He is fervently anti-nicotine and anti-vaping, would prefer people smoked rather than vaped, and according to a recent Guardian article, scuppered a deal to ban tobacco advertising and sales to children because it allowed the tobacco industry to continue existing.

The heart attack study is the latest in a series of questionable studies. In the UK, finally, he is increasingly being ignored by the media as his credibility and reputation diminish. (Two sexual harassment cases haven’t helped.)

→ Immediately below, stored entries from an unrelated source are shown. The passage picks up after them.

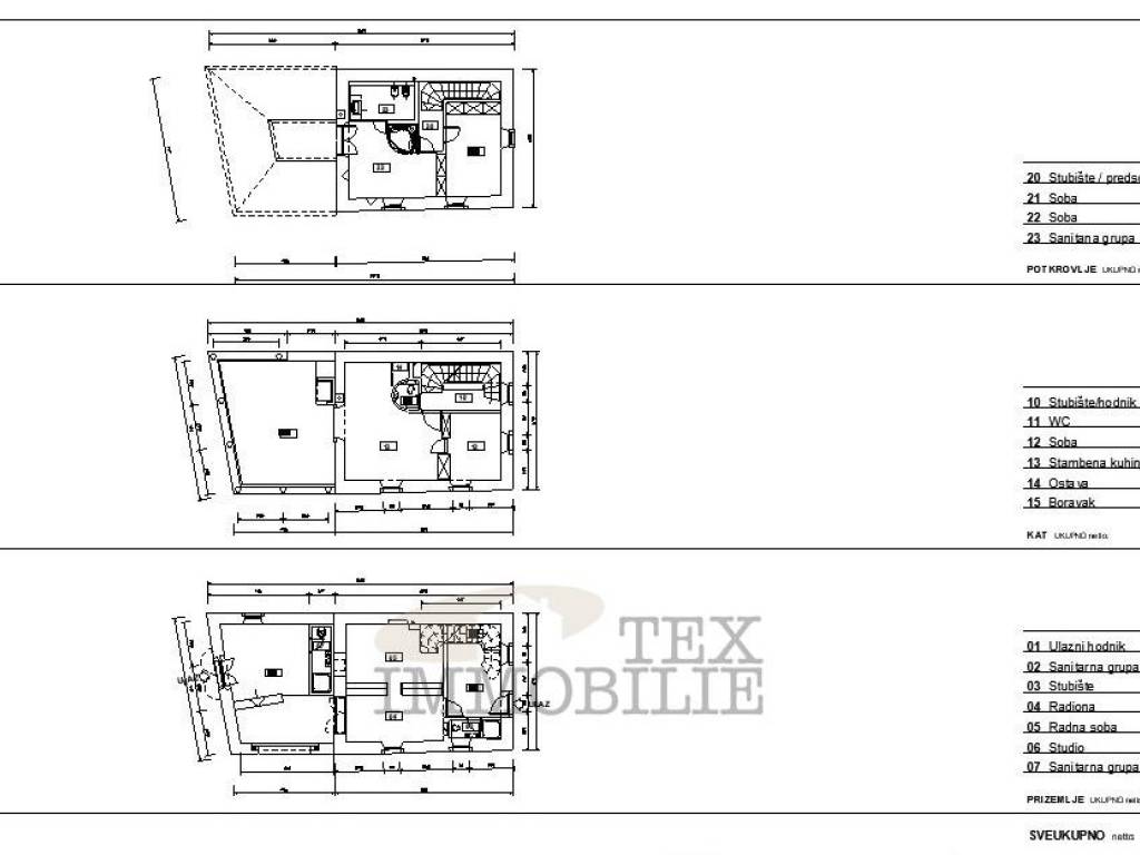 The second residential unit is divided into three floors with a total area of 146 m².
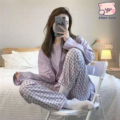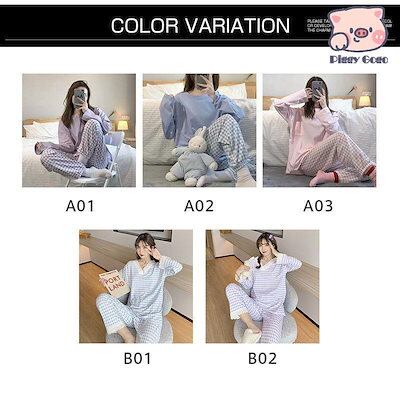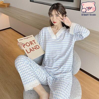 パジャマ レディース 春秋冬 チェック柄 長袖ルームウェア 可愛い ロングパンツ 上下セット ルームウェア 女性 部屋着 お姫様 韓国風 ゆったり
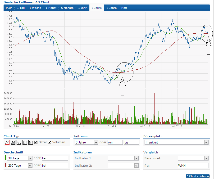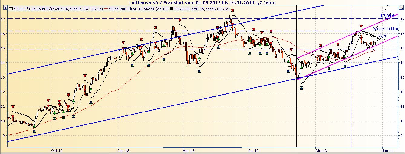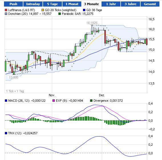 Nicht gerade euphorisch, aber doch recht konstruktiv ist das aktuelle Kursbild der Lufthansa-Aktie. Im Mittelpunkt steht die Marke von 15 Euro. Neben einer bewährten horizontalen Unterstützung verläuft hier auch die 200-Tage-Linie. Beide Signalgeber zusammen begrenzen derzeit das Risiko und eröffnen ein gutes Chance-Risiko-Verhältnis. Bleibt die Kranich-Aktie im Aufwind, stellt das November-Hoch um 16,10 Euro ein erstes Ziel dar. Darüber rücken das Jahreshoch gut einen Euro höher sowie im mittelfristigen Bereich die Barriere um 18 Euro in Reichweite. Fällt die Aktie unter 15 Euro, dreht die Tendenz auf seitwärts. Kritisch wird es hingegen erst, wenn der Kurs auch bei 13,70 Euro keinen Halt findet.
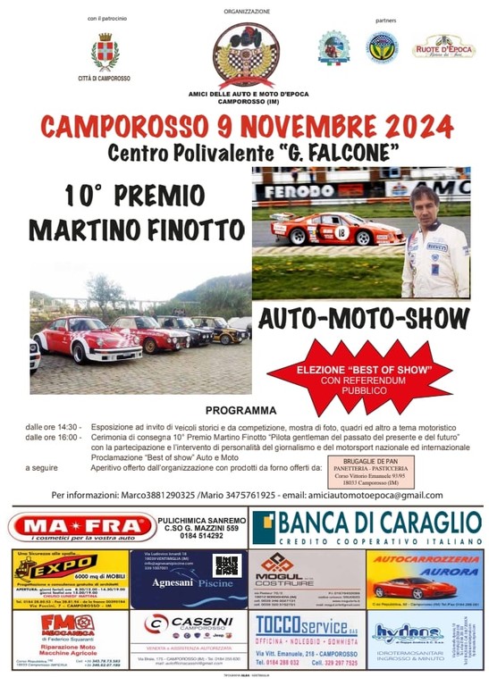 Il tradizionale appuntamento autunnale rivolto a tutti gli appassionati degli sport motoristici e ai collezionisti di veicoli storici del comprensorio intemelio e non solo è organizzato dagli 'Amici delle Auto e Moto d'Epoca' di Camporosso, in collaborazione con gli Amici della Scuderia delle Palme.
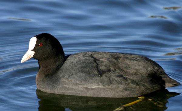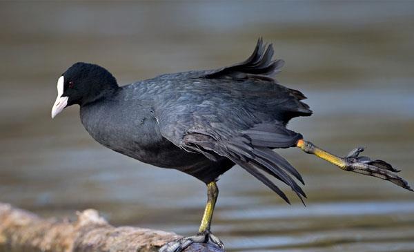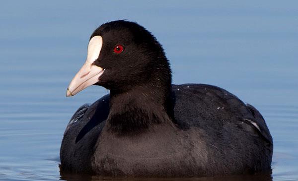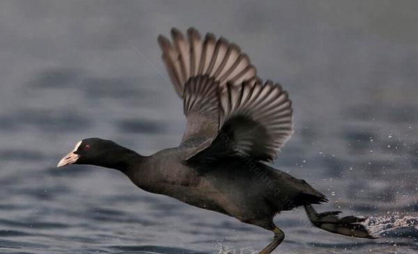 體長35-43cm,重430-840g。中型游禽,像小野鴨,常在開闊水面上游泳。全體灰黑色,具白色額甲,趾間具瓣蹼。嘴長度適中,高而側(cè)扁。頭具額甲,白色,端部鈍圓。跗跖短,短于中趾不連爪。趾均具寬而分離的瓣蹼。通常腿、趾均細(xì)長,有后趾,用來在漂浮的植物上行走,趾兩側(cè)延伸成瓣蹼用來游泳。虹膜紅褐色。嘴端灰色,基部淡肉紅色。腿、腳、趾及瓣蹼橄欖綠色,爪黑褐色。
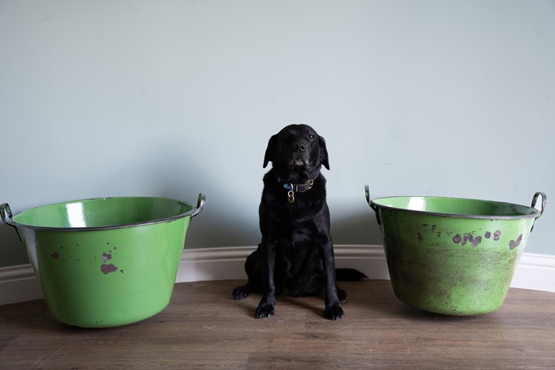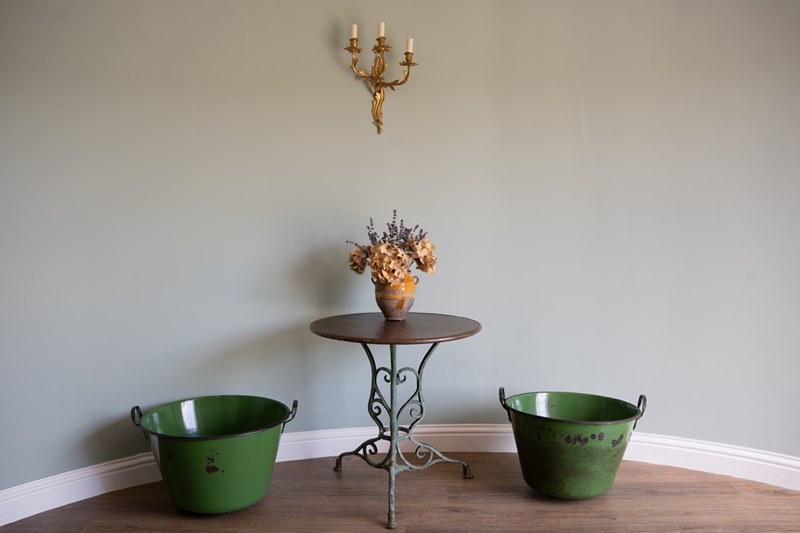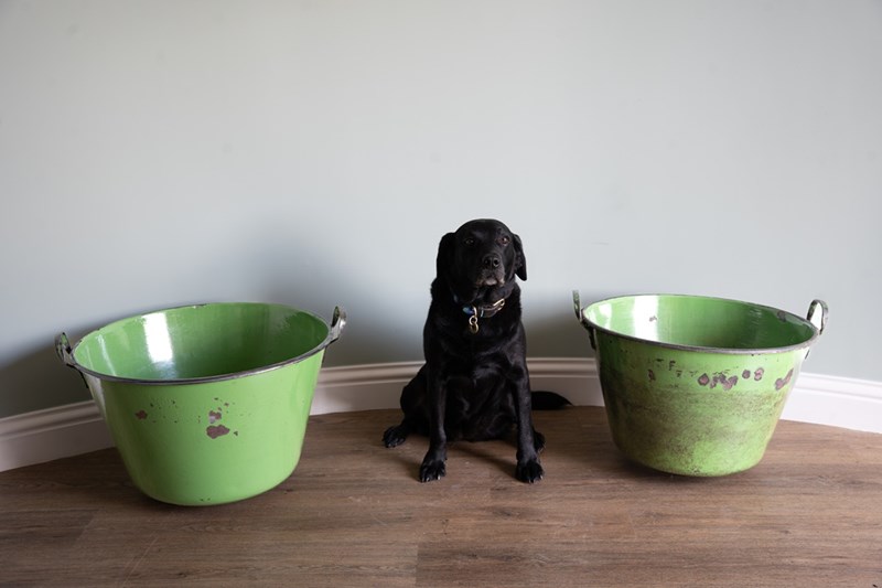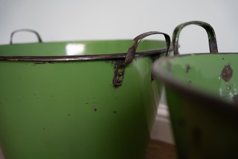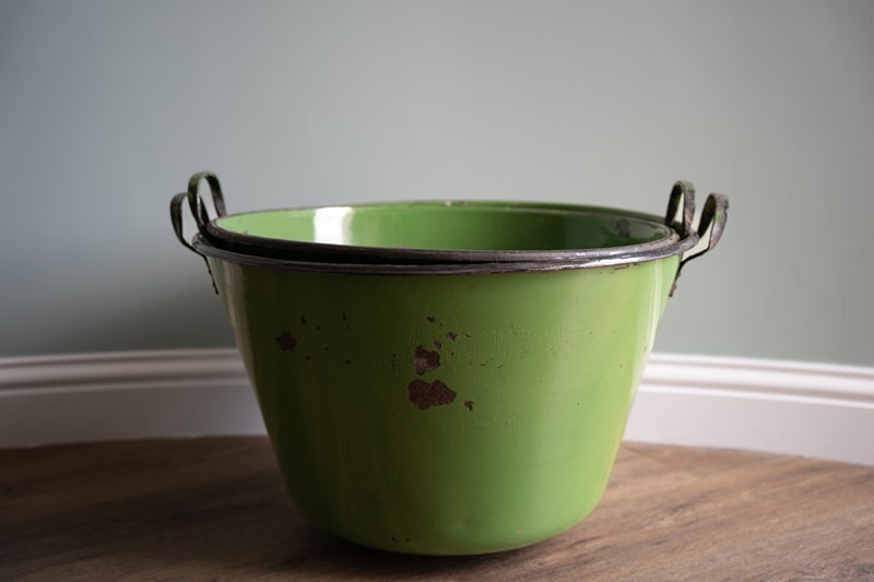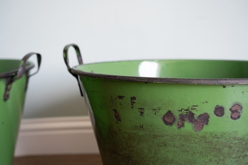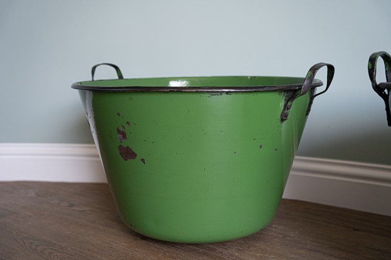 A vibrant green pair of large garden planters with excellent depth and width, ideal for planting lots of flowers or deep-rooted plants. These have been sourced from Hungary and were originally used for cooking food. They have been cleaned and now repurposed. Each large twin handled planters are, when empty, easy to manoeuvre. Currently no drainage holes.

That was until a recent documentary on vaping on ITV was released, which invited Glatz to discuss vaping while ignoring UK scientists who have been conducting research into electronic cigarettes for years.

That’s the same program that claimed that vaping is causing severe respiratory illnesses and deaths – while failing to mention the real cause (Vitamin E Acetate in illicit cannabis products).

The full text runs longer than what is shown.